So first, we were asked to digitalize the site into traditional BIM models, so superstructure for buildings, warehouse, plants, and infrastructure for underground pipes, networks, and foundations. And it started with sorting something like 60,000 handmade plants but, also, the scan of 90 hectares.

At that point, we were working on use case, which were collaboration or a BIM bundle. So it was classical. But then we were asked to digitalize different polluted components and even the water table, so that BIM model would serve as digital twin. And when I say digital twins, it means digitizing of the assets, but also processes so as to make decisions.

So all that things that you cannot see, because hidden underground, are also hardly representative-- representable because it's fluid. But these things and works are highly valuable and costly.

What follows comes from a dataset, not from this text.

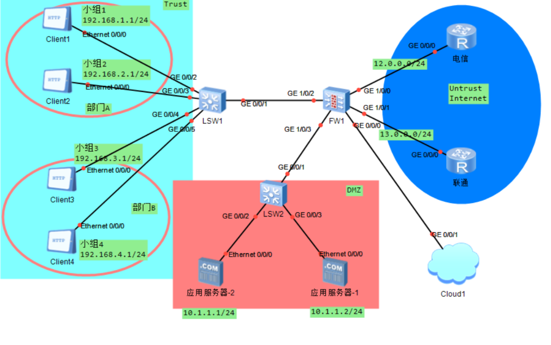 [fw-GigabitEthernet1/0/0]ip address 12.0.0.1 24
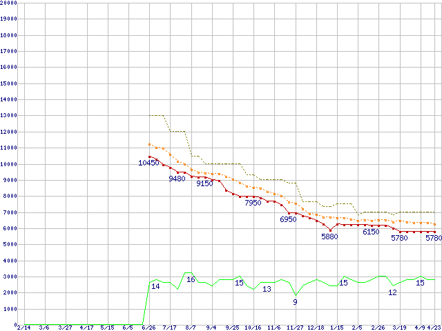 | WD3200BEVT (320GB,8MB)の価格推移 | | | (2008年2月14日~2009年4月23日) |

So a few explanation about the objective. It's about cutting the ground into tiny voxel at the top left, field data of each voxel with borehole data, top right, and then play with the display to select processes to treat the ground. We'll explain that.

So good for us at that time, Dynamo was enough powerful and fully integrated into Revit to do it by ourself and with different calculation methods. So it offered different scenarios of pollution spread to make simulations.

And when we would compile all the models, superstructure, infrastructure, and soil, it would look like this. And we could display a certain degree of pollution. So in 3D, it would look like this exactly. Let me skip the slide-- if it works. OK.

But 3D was not the goal. The goal was to discuss about the best options of depollution among different processes. So it was more about deliverables like management plans and surveys than 3D. And the benefits were obvious. You could collaborate, take decision, and it takes much less time to have more options than before.

So we did once on the particular project with quite good success. But most our pollution project are quite small and with short delays. So we knew it was useful innovation for soil remediation, but then we wanted to scale it.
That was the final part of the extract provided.